Updated on 15 December 2014
What is the current status of orphan drugs in Asia?
Governments in many Asian countries like Japan, Taiwan and Korea are becoming increasingly aware of orphan diseases. Individual countries are stepping up efforts to solve this crisis. Japan has an Orphan Drug Act that regulates drug approval and new research for orphan drugs. Taiwan and Korea too have some regulatory policy and some action plan to address these diseases.
How is the Japanese government encouraging orphan drug research?
The government has declared two major actions to promote the development of orphan drugs:
- Until last year, the government had identified 56 diseases under the rare diseases category to support. This year the government has identified 300 diseases.
- In Japan, the conventional drug review process is a yearlong.

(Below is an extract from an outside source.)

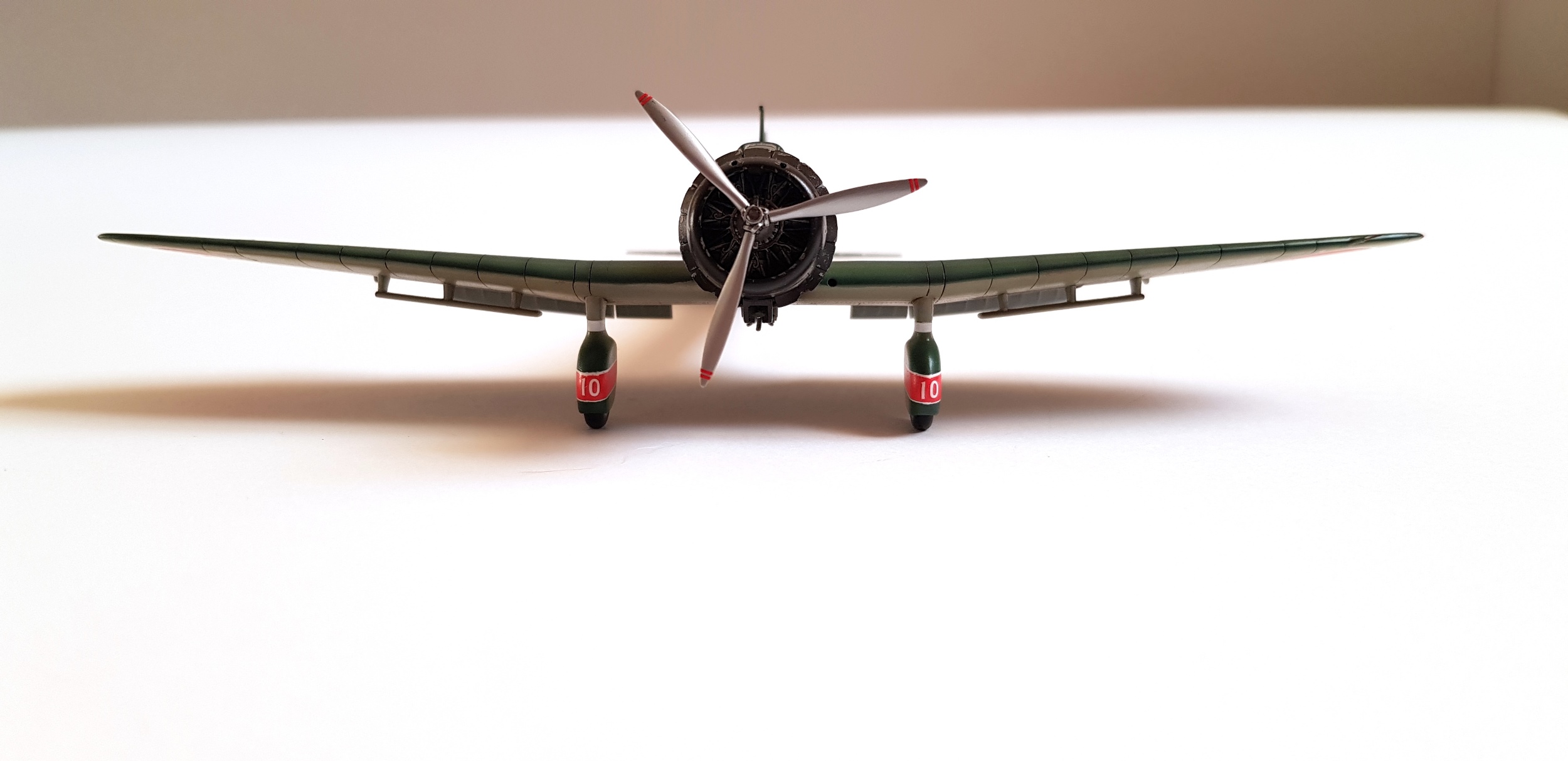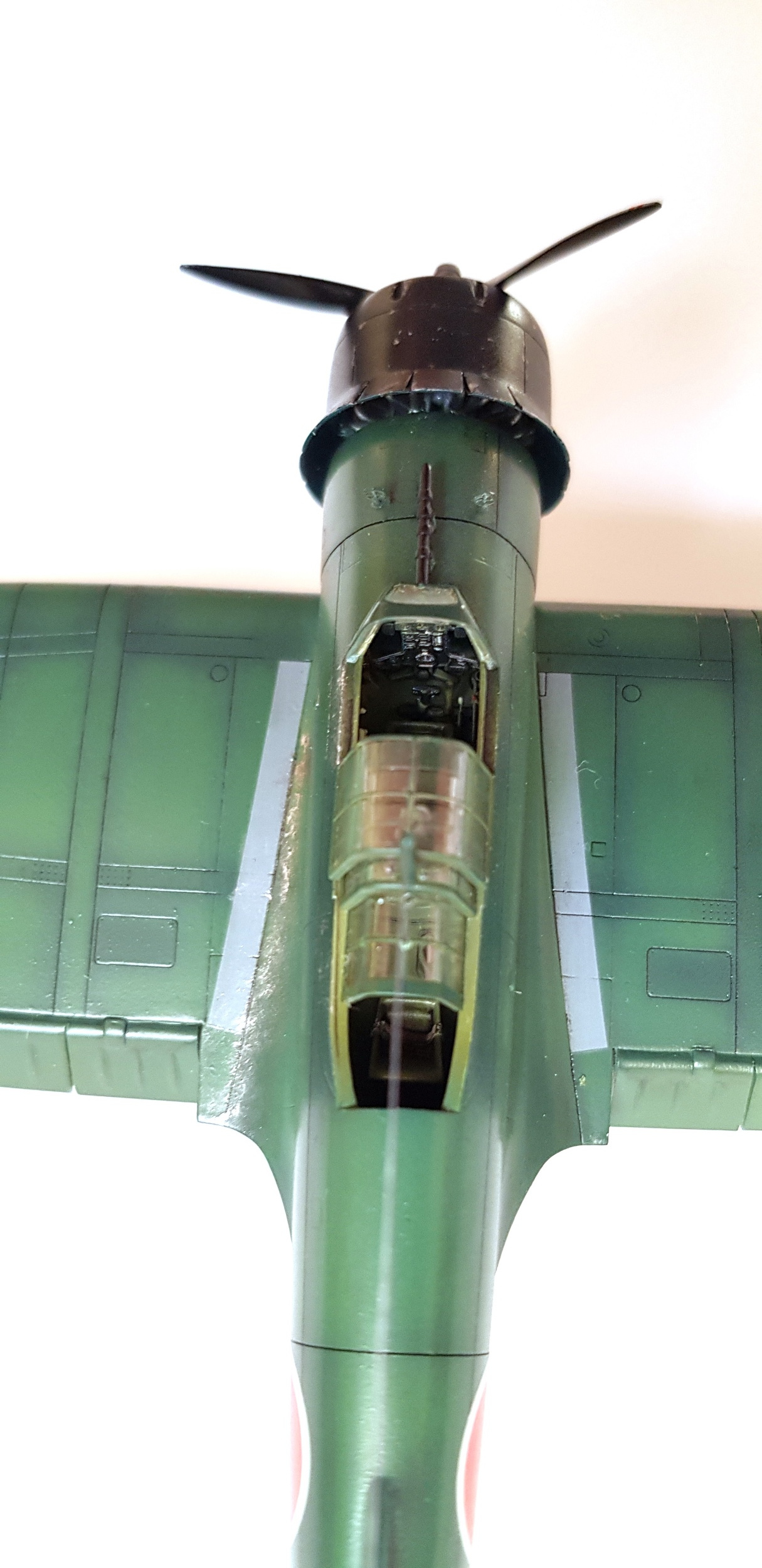 С глянцем возможно, но я уже тоже озвучивал причину... не стану повторятся. А прешейдинг агрессивным не считаю, это моё мнение как и работа, я вижу это так как и фотографии в интернете и множество статей на этот счёт что тон не однозначный и реальный самолёт тоже имел свойства к изменению характера поверхности. Посмотрите листы обшивок и статьи от японских специалистов на этот счёт. Ранние машины за исключением накадзимы, грунтовали в грасный, красили в серый после чего тот давал кремовый оттенок похожий на немецкий рлм2, потом машины перебрасывались на острова, как этот борт и в полевых условиях красились в зелёный, это не современное производство и желовек с краскопультом идеально слой не положит, по логике и технике, уделив внимание больше краям и швам. Я не стану спорить, напишу раз, это моё мнение... мы люди творческие, и мне нравится моя работа которая чувствуется оживлённой а не залитой в 1-2 цвета без тона и ощущения метала как и пламени под капотом! Спасибо за критику

The government is aiming at fast-tracking this process to six months by recruiting more reviewers.
Are there any financial incentives available from the government for orphan drug developers?
The government of Japan is investing a lot of capital in R&D. The government has identified 10-15 universities as Centers of Excellence. For these centers the government provides financial assistance to support new research.
What are the biggest challenges faced by drug developers in orphan drug R&D?
Most of these rare diseases are very difficult to diagnose. The rarity of these conditions means that most doctors have very limited experience with them, so that many rare disease patients wait years before receiving an accurate diagnosis. Even then, treatment options may be limited or nonexistent: Fewer than 5 percent of all rare diseases have approved therapies available. Due to the paucity of approved therapies, medicines are sometimes used off-label to treat rare diseases.
There is usually little understanding or information about the natural progression of the disease to inform trial design, and investigators often have difficulty identifying and enrolling a large number of patients. Basic research tools, such as validated animal models, may not exist. These challenges increase the uncertainty that a research program will lead to a new therapy. Given small patient numbers, there has historically been less investment in rare diseases than in more common diseases.